▶ Task statement
In the entries below, locate the line with "1. To create", then give again that line and all lines after it, exactly, with pictures omitted.

▶ Extracted data entries
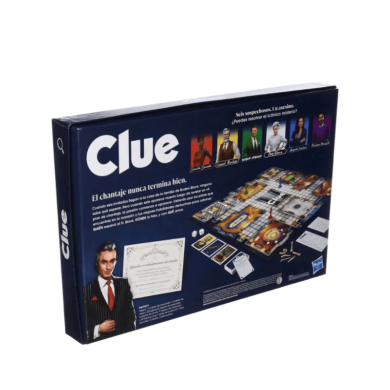 Juego de mesa de misterio donde los jugadores investigan para descubrir quién cometió el crimen, con qué arma y en qué habitación. Cuando 6 invitados llegan a la mansión de Bond Black ninguno de ellos sabe qué les espera. Pero cuando su anfitrión aparece muerto tras revelar un siniestro complot de extorsión, la presión aumenta. Compite contra los demás jugadores para resolver el caso, reuniendo pistas y descartando sospechosos. . ¡Sé el primero en hacer la acusación correcta para ganar la partida!
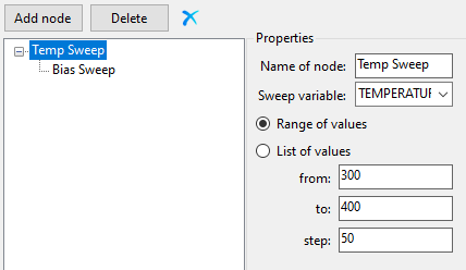1. To create a nested sweep, select a parent node before clicking on the Add node button. The new node will be nested below the selected one. (e.g. “BiasSweep”, Figure 1.1.13)
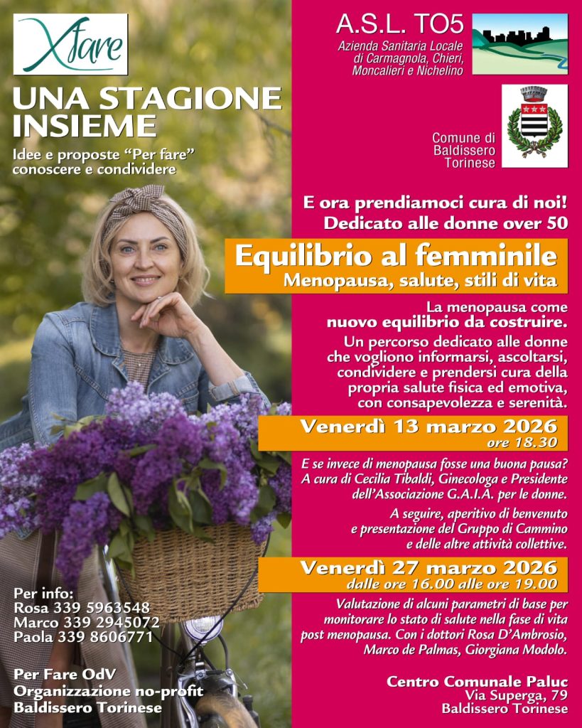 Venerdì 13 marzo alle 18,30, al Centro Comunale Paluc di via Superga 79 a Baldissero Torinese, si terrà il primo appuntamento dell’iniziativa dell’Associazione XFare “Equilibrio al femminile, menopausa, salute e stili di vita”, dedicato alle donne che hanno superato i 50 anni.Il secondo appuntamento è previsto sempre al Centro Comunale Paluc il 27 marzo dalle 16 alle 19.
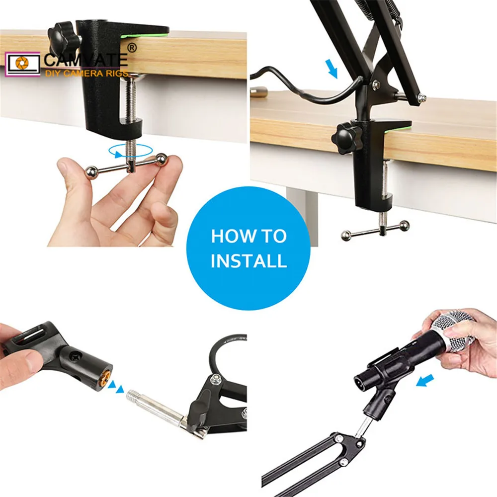 Регулируемая NB-39 подставка для микрофона CAMVATE, подставка для микрофона с зажимом C, микрофонный кабель для микрофона и настольного крепления
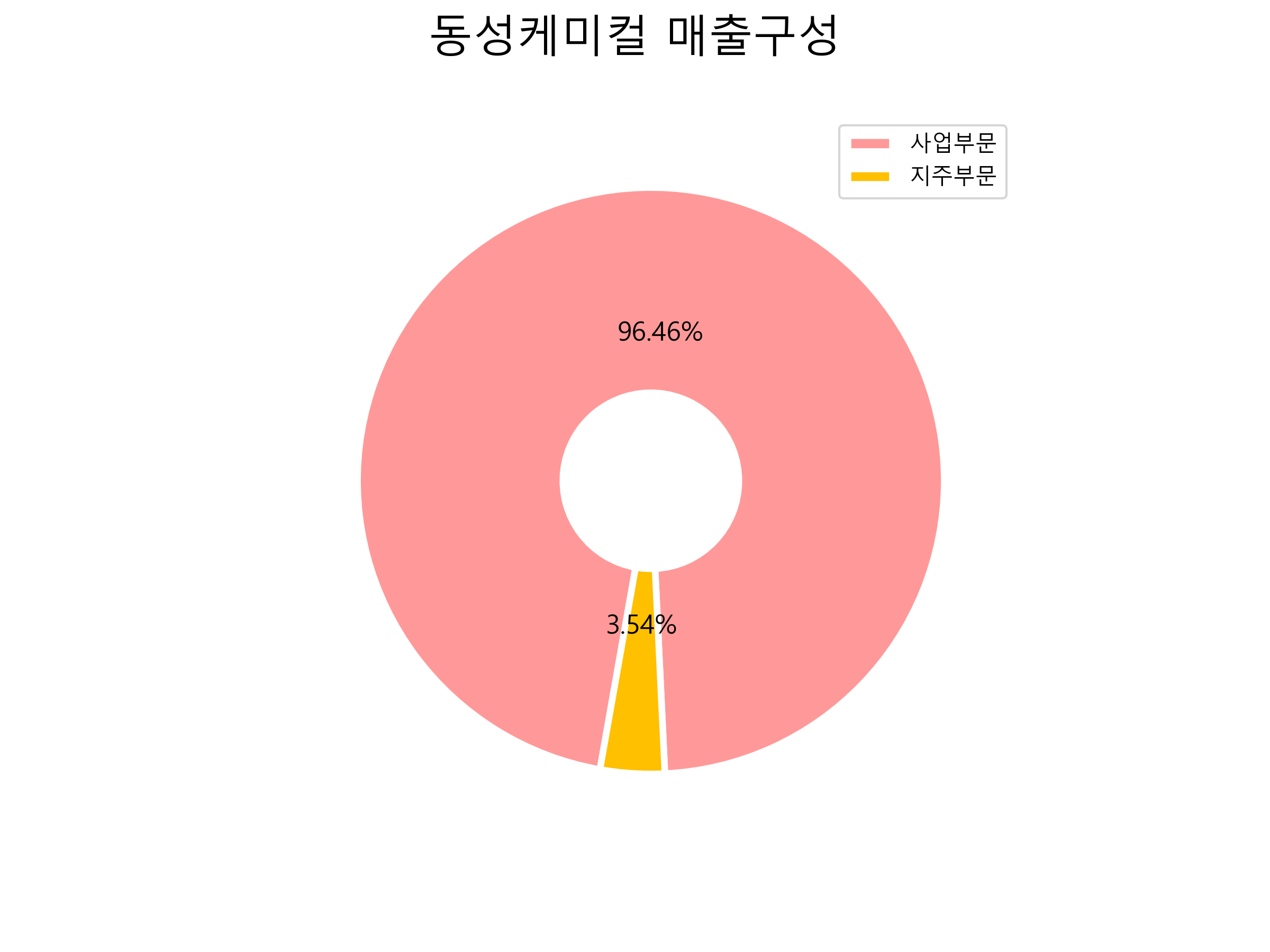 - 자회사 등으로부터 받는 배당금, 자문료, 수수료로 수익을 얻는 지주부문과 정밀화학, 우레탄사업 등을 영위하는 사업부문이 있음.

▶ Task result
1. To create a nested sweep, select a parent node before clicking on the Add node button. The new node will be nested below the selected one. (e.g. “BiasSweep”, Figure 1.1.13)
 Venerdì 13 marzo alle 18,30, al Centro Comunale Paluc di via Superga 79 a Baldissero Torinese, si terrà il primo appuntamento dell’iniziativa dell’Associazione XFare “Equilibrio al femminile, menopausa, salute e stili di vita”, dedicato alle donne che hanno superato i 50 anni.Il secondo appuntamento è previsto sempre al Centro Comunale Paluc il 27 marzo dalle 16 alle 19.
 Регулируемая NB-39 подставка для микрофона CAMVATE, подставка для микрофона с зажимом C, микрофонный кабель для микрофона и настольного крепления
 - 자회사 등으로부터 받는 배당금, 자문료, 수수료로 수익을 얻는 지주부문과 정밀화학, 우레탄사업 등을 영위하는 사업부문이 있음.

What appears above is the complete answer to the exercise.